## [SUPPLIED MATERIAL]
************
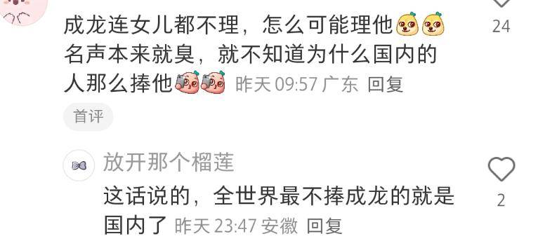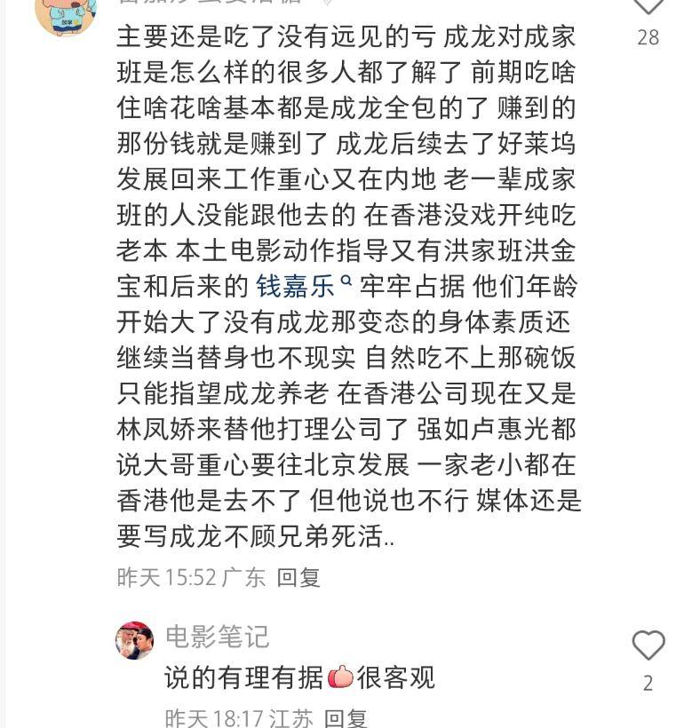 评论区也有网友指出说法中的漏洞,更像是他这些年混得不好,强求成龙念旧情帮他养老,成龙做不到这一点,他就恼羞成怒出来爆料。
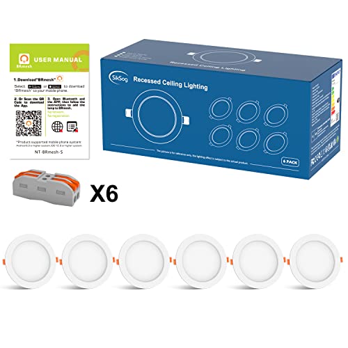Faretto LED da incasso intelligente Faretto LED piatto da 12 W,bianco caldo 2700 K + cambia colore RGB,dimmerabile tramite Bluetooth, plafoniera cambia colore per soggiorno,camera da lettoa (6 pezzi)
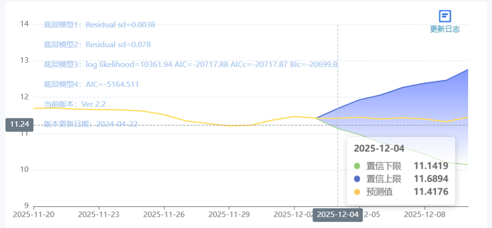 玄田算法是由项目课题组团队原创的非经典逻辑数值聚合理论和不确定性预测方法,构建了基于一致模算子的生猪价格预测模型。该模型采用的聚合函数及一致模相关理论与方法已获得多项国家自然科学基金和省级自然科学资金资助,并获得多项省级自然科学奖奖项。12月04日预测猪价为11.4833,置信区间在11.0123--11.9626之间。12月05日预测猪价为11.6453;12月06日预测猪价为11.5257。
************
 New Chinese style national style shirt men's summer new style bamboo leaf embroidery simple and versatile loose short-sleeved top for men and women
************
## [ACTIVITY]
Only the lines above from the one containing "评论区也有网友指出说法中的漏" through the one containing "玄田算法是由项目课题组团队原" should be returned, verbatim and inclusive, with pictures excluded.

## [OUTPUT FOR THIS EXERCISE]
 评论区也有网友指出说法中的漏洞,更像是他这些年混得不好,强求成龙念旧情帮他养老,成龙做不到这一点,他就恼羞成怒出来爆料。
Faretto LED da incasso intelligente Faretto LED piatto da 12 W,bianco caldo 2700 K + cambia colore RGB,dimmerabile tramite Bluetooth, plafoniera cambia colore per soggiorno,camera da lettoa (6 pezzi)
 玄田算法是由项目课题组团队原创的非经典逻辑数值聚合理论和不确定性预测方法,构建了基于一致模算子的生猪价格预测模型。该模型采用的聚合函数及一致模相关理论与方法已获得多项国家自然科学基金和省级自然科学资金资助,并获得多项省级自然科学奖奖项。12月04日预测猪价为11.4833,置信区间在11.0123--11.9626之间。12月05日预测猪价为11.6453;12月06日预测猪价为11.5257。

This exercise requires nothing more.